The Speedy Recovery Vehicle

Designers: Melissa Latorre, David Semko and Jen Wei

Client Coordinator: Jennifer Edelshick, Duke Hospital

Supervising Professors: Kevin Caves, Richard Goldberg

INTRODUCTION
Children in hospital settings can experience feelings of fear and anxiety when faced with the task of getting into wheelchairs. The purpose of this project was to design and assemble a wheelchair that is fun and visually appealing to children. The Speedy Recovery Vehicle combines the functionality of traditional wheelchairs with the visually appealing design of racing dune buggies. The vehicle includes a custom welded frame, a reclining seat, and a colorful interactive steering wheel. Its small size makes it easy to store, and ideal for children in the 2-6 year old age group.

SUMMARY OF IMPACT
The Speedy Recovery Vehicle has the potential to make hospitalized children who are scared of riding on traditional wheelchairs into cooperating patients. Jennifer Edelshick, our supervisor at Duke Hospital, remarked “The speedy recovery vehicle is a kid friendly means of transportation for sick kids. I think as physical therapists we will use it to motivate kids to get out of bed and sit up in a chair. It will also be a helpful way of getting them to want to go to the gym. This will allow kids to get the therapy that they need, without as much trauma.”

TECHNICAL DESCRIPTION
The Speedy Recovery Vehicle (Figure 1) includes a custom welded frame, smooth rolling wheels, a reclining seat, footrests, a steering wheel, arm rests, a safety belt, an IV pole, and a storage area for an oxygen tank. The frame is constructed from 1″ diameter aluminum tubing, making it lightweight and non-porous. Contoured handles make it easy for hospital staff to push the vehicle, and they can clean and sterilize it with traditional disinfectants made for non-porous equipment. The front caster wheels are solid polyurethane and 2″ in diameter, while the rear pneumatic wheels have an 8″ diameter. Custom welding of the frame was performed by KBC Machine Shop (Sterling Heights, Michigan).

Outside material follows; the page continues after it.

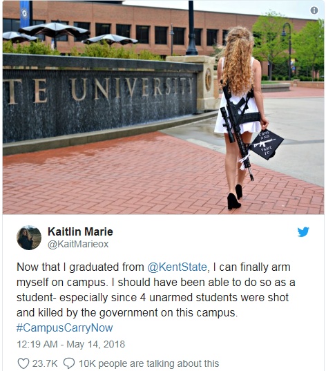 報(bào)道稱,凱特琳·班內(nèi)特畢業(yè)于位于俄亥俄州的州立肯特大學(xué),取得了生物學(xué)學(xué)位。畢業(yè)后的第二天,這名22歲的女孩返回校園,肩背一把AR-10半自動(dòng)步槍,手拿頂上印有“有膽來(lái)拿”字樣(美國(guó)獨(dú)立戰(zhàn)爭(zhēng)的口號(hào))的畢業(yè)帽,還拍了照并發(fā)到了網(wǎng)上。

The seat of the vehicle, like a wheelchair, can be reclined back 30 degrees back from upright, in 5-degree increments by moving a retaining pin. The seat is made out of plywood and high quality foam covered in a non-porous vinyl fabric. It easily supports the weight of a child in the 2-6 age group. The back support of the seat is 18″ tall, the seat is 14″ x 14″ inches, and the seat is 12″ from the base of the vehicle.

The frame is painted red, and racing stripes and a decorative logo are stitched into the seat fabric. The vehicle is 42″ long and 16″ wide, allowing it to be stored more easily than plastic play wagons available for children in the hospital, which are 42″ x 21″.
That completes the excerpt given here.